Unruk menghalau aksi ini, Prancis mengerahkan lebih dari 13.000 polisi guna memastikan massa tidak mendekati Presiden Amerika Serikat Donald Trump dan sejumlah pemimpin negara lainnya.

Ribuan aktivis antiglobalisasi, separatis Basque, dan pengunjuk rasa "rompi kuning" berjalan kaki dari Kota Prancis Hendaye menuju Kota Irun di Spanyol, dengan membentangkan spanduk yang menyeru aksi iklim, hak-hak gay dan contoh ekonomi yang lebih adil.

"Para pemimpin kapitalis utama ada di sini dan kami harus menunjukkan kepada mereka bahwa pertarungan berlanjut," kata peserta aksi unjuk rasa Alain Missana.

"Lebih banyak uang bagi yang kaya dan yang miskin tak memiliki apa-apa. Kami melihat hutan Amazon terbakar dan Artik mencair. Para pemimpin akan mendengar kita," tutupnya.

KTT G7 yang digelar di Prancis pada akhir pekan ini diramalkan akan berakhir tanpa pernyataan bersama, termasuk untuk mengatasi ketegangan dagang yang sedang berkecamuk antara Amerika Serikat (AS) dengan China yang terjadi setahun belakangan ini.

Ketiadaan pernyataan bersama tersebut disampaikan oleh seorang pejabat pemerintah Jepang yang tahu persis dengan pertemuan tersebut. Kalau kemungkinan tersebut terjadi, pertemuan besok akan menjadi forum KTT G7 pertama yang berakhir tanpa pernyataan bersama dimulai perkumpulan pada 1975.

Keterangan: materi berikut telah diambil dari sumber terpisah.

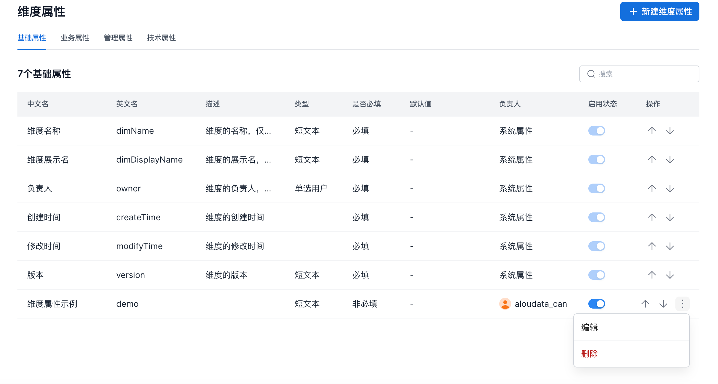 基础属性、业务属性、技术属性、管理属性四个分类,支持在单个分类中调整属性的顺序。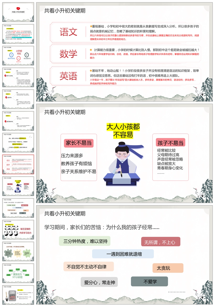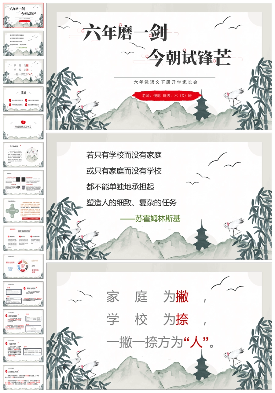 首页 六年级家长会 【5421】【六下】【语文】【六年磨一剑,今朝试锋芒】六年级下学期开学家长会PPT课件+发言稿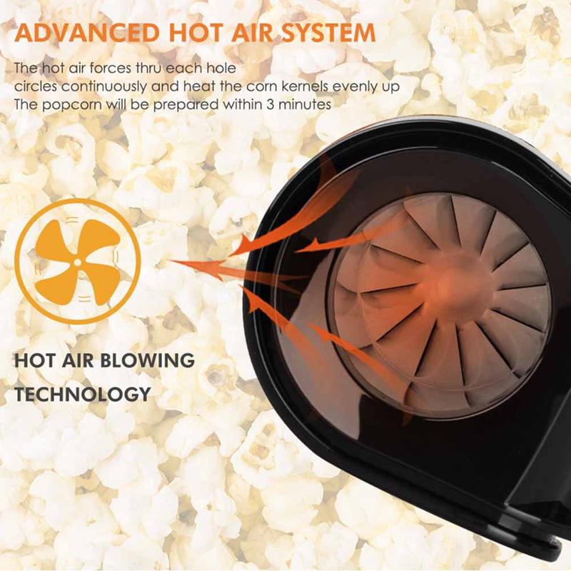 - Avanzado sistema de aire caliente para cocinar palomitas rápidamente y sin aceite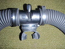 In some rebreathers, e.g. the Siebe Gorman Salvus, the oxygen cylinder has oxygen supply mechanisms in parallel. One is constant flow; the other is a manual on-off valve called a bypass valve; both feed into the same hose which feeds the counterlung.[11] In the Salvus there is no second stage and the gas is turned on and off at the cylinder.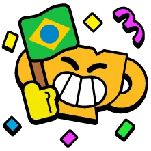 Esta Reação é de um troféu do Brawl segurando uma bandeira do Brasil, completamente animado, balançando a bandeira com muito confete ao redor, representando perfeitamente a energia única da nossa comunidade brasileira.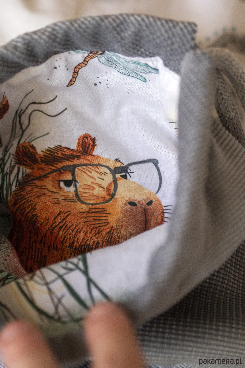 Biała, bawełniana podszewka w kapibary, okrągłe dno. Całości dopełnia gruby, bawełniany sznurek w kolorze jasnoszarym.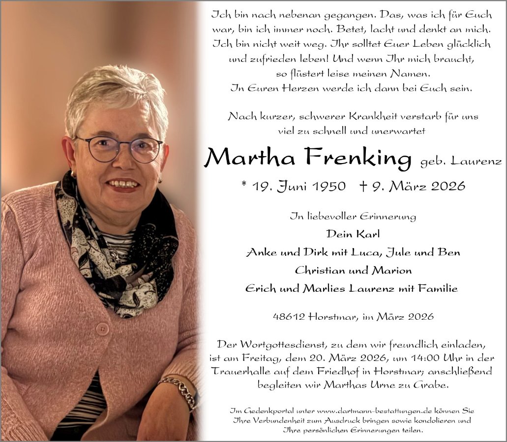 Liebe Angehörige, wir wünschen Ihnen von Herzen viel Kraft, dass Sie Menschen um sich haben, die Ihnen in dieser schweren Zeit beistehen und Halt geben. Zusätzlich können Sie auf dieser Gedenkseite Erinnerungen teilen und so das Andenken gemeinsam wachhalten. In tiefer Verbundenheit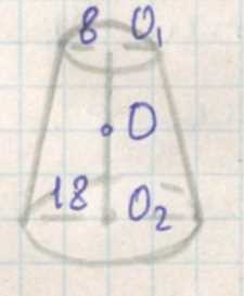 Радиусы оснований усечённого конуса равны 8 см и 18 см.
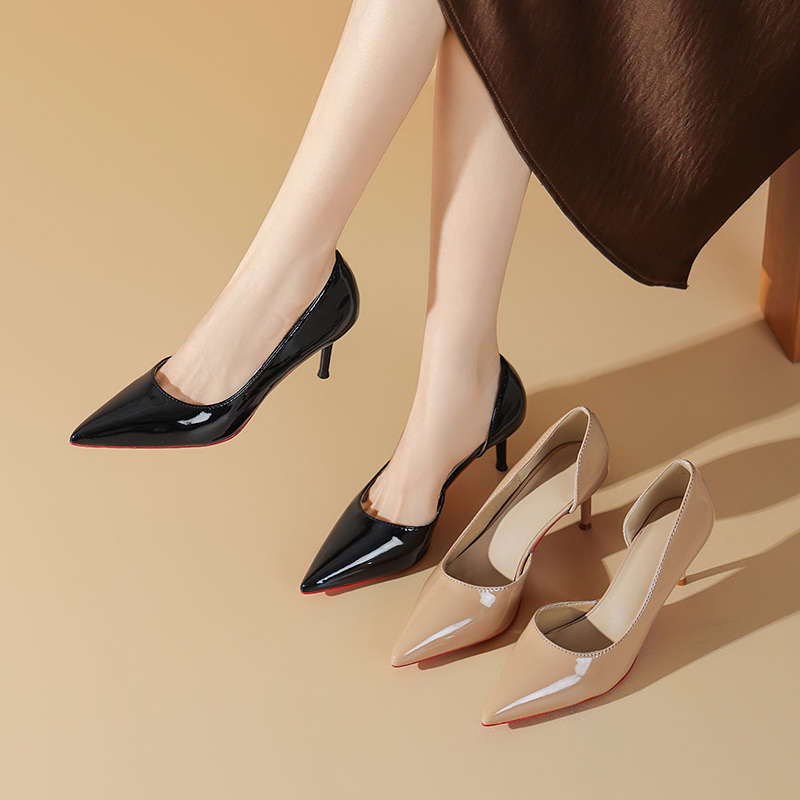 Стильные черные туфли на высоком каблуке, тонкий каблук, открытая сбоку острая носочная часть, платье с неглубоким вырезом, простые и универсальные из лакированной кожи, весна и лето с красной подошвой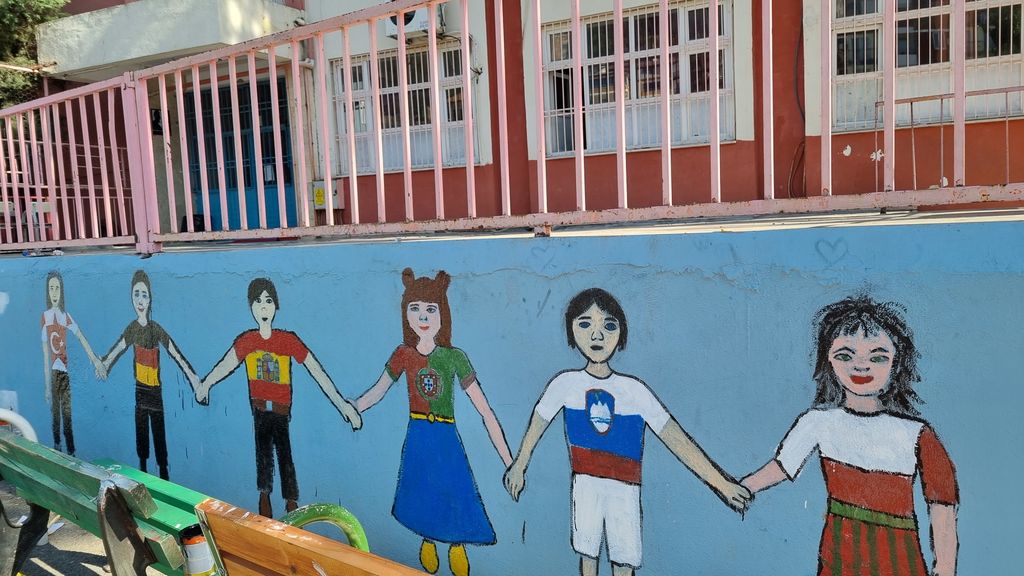 V ponedeljek smo prvič prišli v turško šolo. Tam so nas pričakali otroci z dobrodošlico. Bilo je zelo lepo in nenavadno za nas. Bilo je zanimivo, da otroci že pri tako rosnih letih znajo tako dobro plesati njihovo folkloro. Potem smo se pogovarjali z drugimi otroki. Bili so zelo pogumni, kar nas je presenetilo. Ogledali smo si šolo, ki je zelo velika in drugačna. Na koncu dneva pa smo slikali na steno. Ta dan je bil zelo vroč, lep in seveda utrujajoč.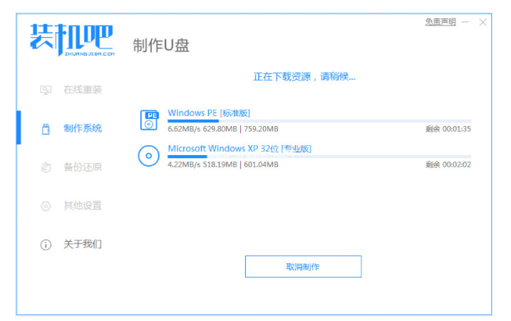 1、下載安裝一個裝機(jī)吧一鍵重裝系統(tǒng)軟件并打開。插入U盤。選擇制作系統(tǒng),在制作U盤中選擇您的U盤,鼠標(biāo)點擊開始制作。

Kemungkinan tersebut juga menggarisbawahi keretakan pendapat antara negara G7 terkait kebijakan perdagangan Presiden Amerika Serikat (AS) Donald Trump.

"Sangat penting bagi semua orang untuk menciptakan pemahaman bersama melalui debat yang menyeluruh. Tetapi sulit untuk mengirim pesan ke seluruh dunia ketika sebuah komunike tidak akan dikeluarkan," kata pejabat itu seperti dikutip dari Reuters, Selasa (20/8).